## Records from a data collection
* * * * * * * * *

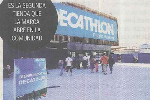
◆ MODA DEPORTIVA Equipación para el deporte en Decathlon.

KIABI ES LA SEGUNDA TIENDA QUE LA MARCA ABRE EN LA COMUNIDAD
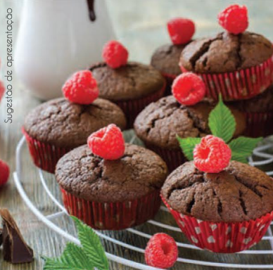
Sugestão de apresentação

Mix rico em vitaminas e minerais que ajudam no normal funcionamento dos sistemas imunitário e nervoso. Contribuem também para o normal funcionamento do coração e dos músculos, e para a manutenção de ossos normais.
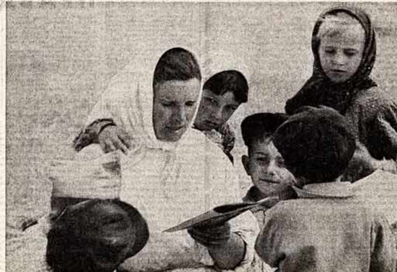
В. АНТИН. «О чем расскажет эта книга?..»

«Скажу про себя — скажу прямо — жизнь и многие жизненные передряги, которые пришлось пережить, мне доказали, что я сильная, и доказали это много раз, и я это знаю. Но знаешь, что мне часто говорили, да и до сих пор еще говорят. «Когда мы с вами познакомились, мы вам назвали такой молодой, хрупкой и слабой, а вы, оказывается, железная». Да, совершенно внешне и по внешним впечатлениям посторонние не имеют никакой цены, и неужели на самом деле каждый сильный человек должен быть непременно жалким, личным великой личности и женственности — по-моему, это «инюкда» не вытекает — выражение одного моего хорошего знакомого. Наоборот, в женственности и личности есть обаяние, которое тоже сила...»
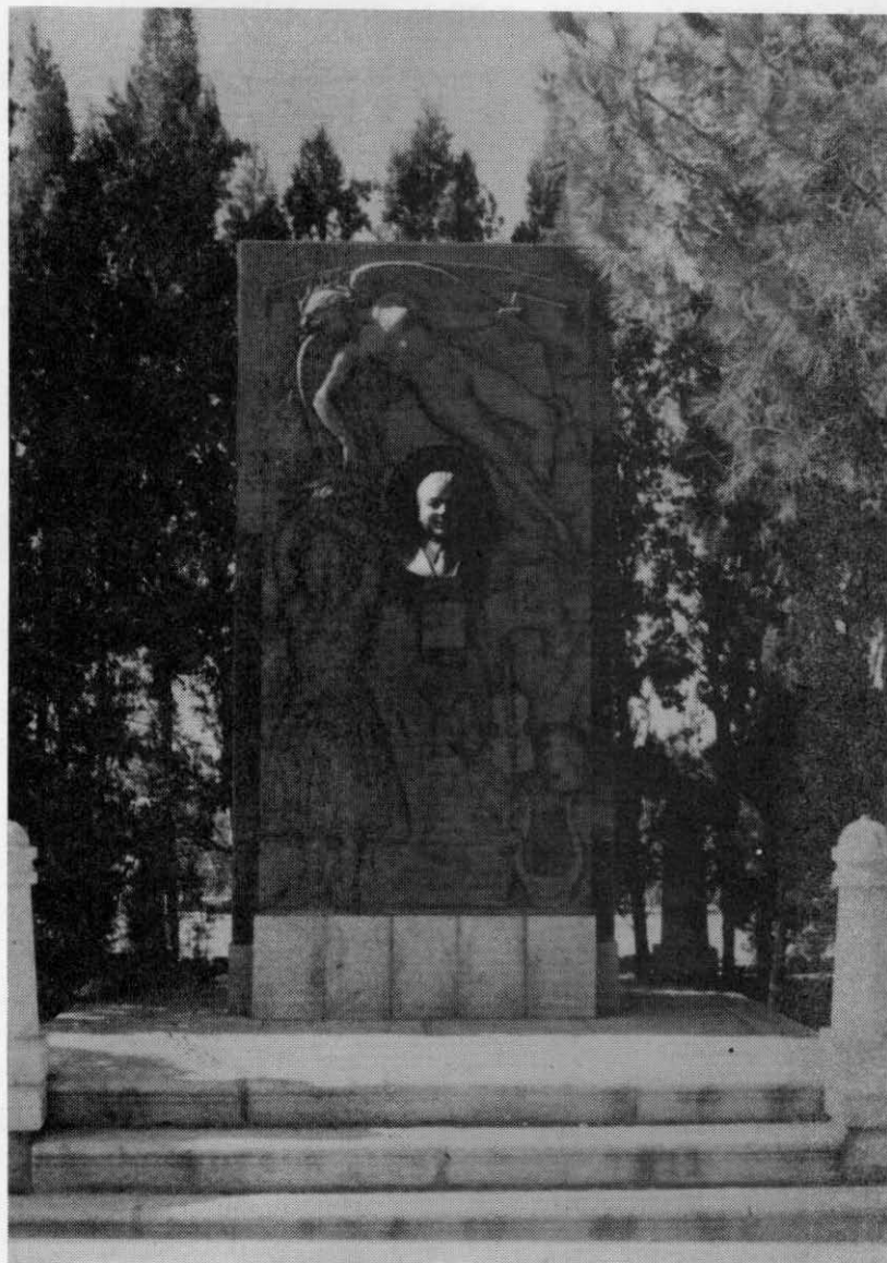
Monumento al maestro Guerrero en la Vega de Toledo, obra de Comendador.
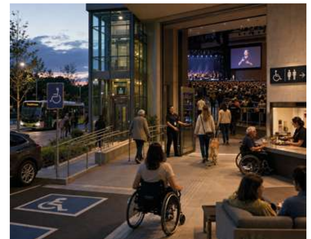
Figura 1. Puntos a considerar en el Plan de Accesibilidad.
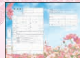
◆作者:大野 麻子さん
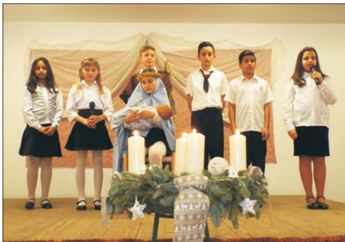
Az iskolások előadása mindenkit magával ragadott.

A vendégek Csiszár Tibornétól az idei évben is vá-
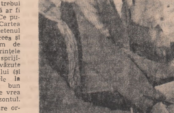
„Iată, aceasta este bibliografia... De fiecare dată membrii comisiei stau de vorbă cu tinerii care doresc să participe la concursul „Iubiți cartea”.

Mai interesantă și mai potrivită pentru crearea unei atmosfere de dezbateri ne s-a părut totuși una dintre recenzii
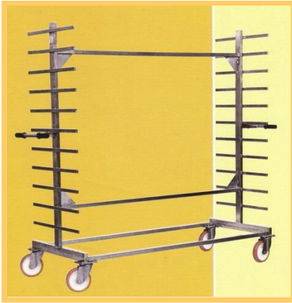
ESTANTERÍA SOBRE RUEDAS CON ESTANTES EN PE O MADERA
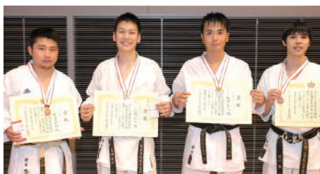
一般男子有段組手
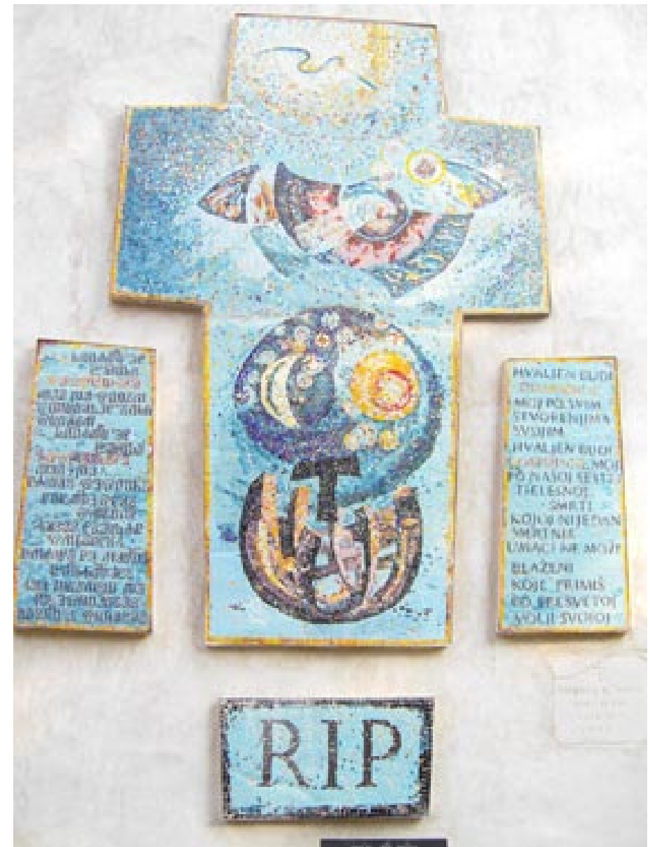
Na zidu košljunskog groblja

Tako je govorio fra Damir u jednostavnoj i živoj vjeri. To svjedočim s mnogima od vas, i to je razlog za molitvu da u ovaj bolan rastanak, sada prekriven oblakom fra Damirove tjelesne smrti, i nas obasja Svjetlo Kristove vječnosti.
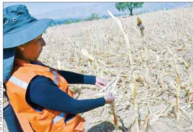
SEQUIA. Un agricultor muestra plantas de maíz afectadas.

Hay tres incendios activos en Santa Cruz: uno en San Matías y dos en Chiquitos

* * * * * * * * *

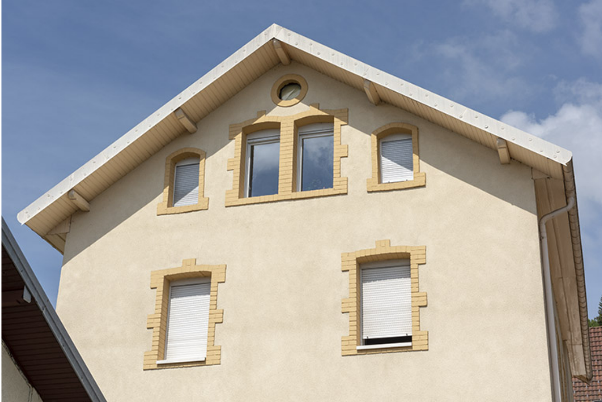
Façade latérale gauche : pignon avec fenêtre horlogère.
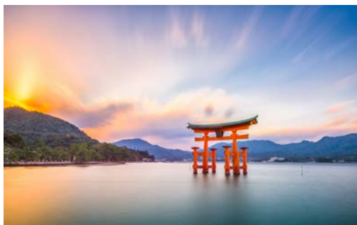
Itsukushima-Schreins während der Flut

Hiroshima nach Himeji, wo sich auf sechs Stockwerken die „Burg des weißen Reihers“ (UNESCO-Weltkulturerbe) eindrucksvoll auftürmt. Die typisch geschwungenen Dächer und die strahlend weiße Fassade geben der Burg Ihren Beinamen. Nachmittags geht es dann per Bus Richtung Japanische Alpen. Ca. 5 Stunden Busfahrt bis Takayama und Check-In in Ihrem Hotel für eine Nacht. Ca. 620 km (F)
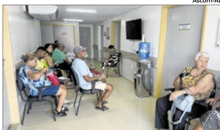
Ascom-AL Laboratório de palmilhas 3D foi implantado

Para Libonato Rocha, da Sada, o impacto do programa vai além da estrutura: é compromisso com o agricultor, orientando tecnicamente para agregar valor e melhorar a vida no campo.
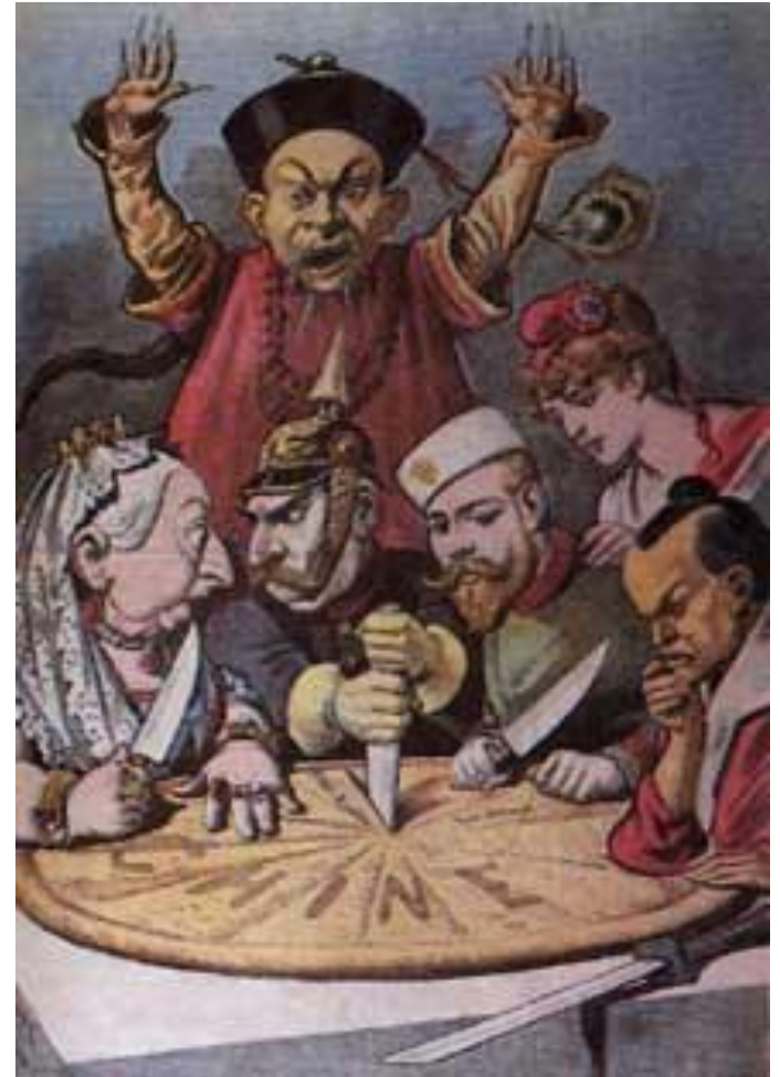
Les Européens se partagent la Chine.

* * * * * * * * *

## Exercise prompt
Each line of the entries above that includes the string "agricultor" should be copied out.

## Answer box
SEQUIA. Un agricultor muestra plantas de maíz afectadas.
Para Libonato Rocha, da Sada, o impacto do programa vai além da estrutura: é compromisso com o agricultor, orientando tecnicamente para agregar valor e melhorar a vida no campo.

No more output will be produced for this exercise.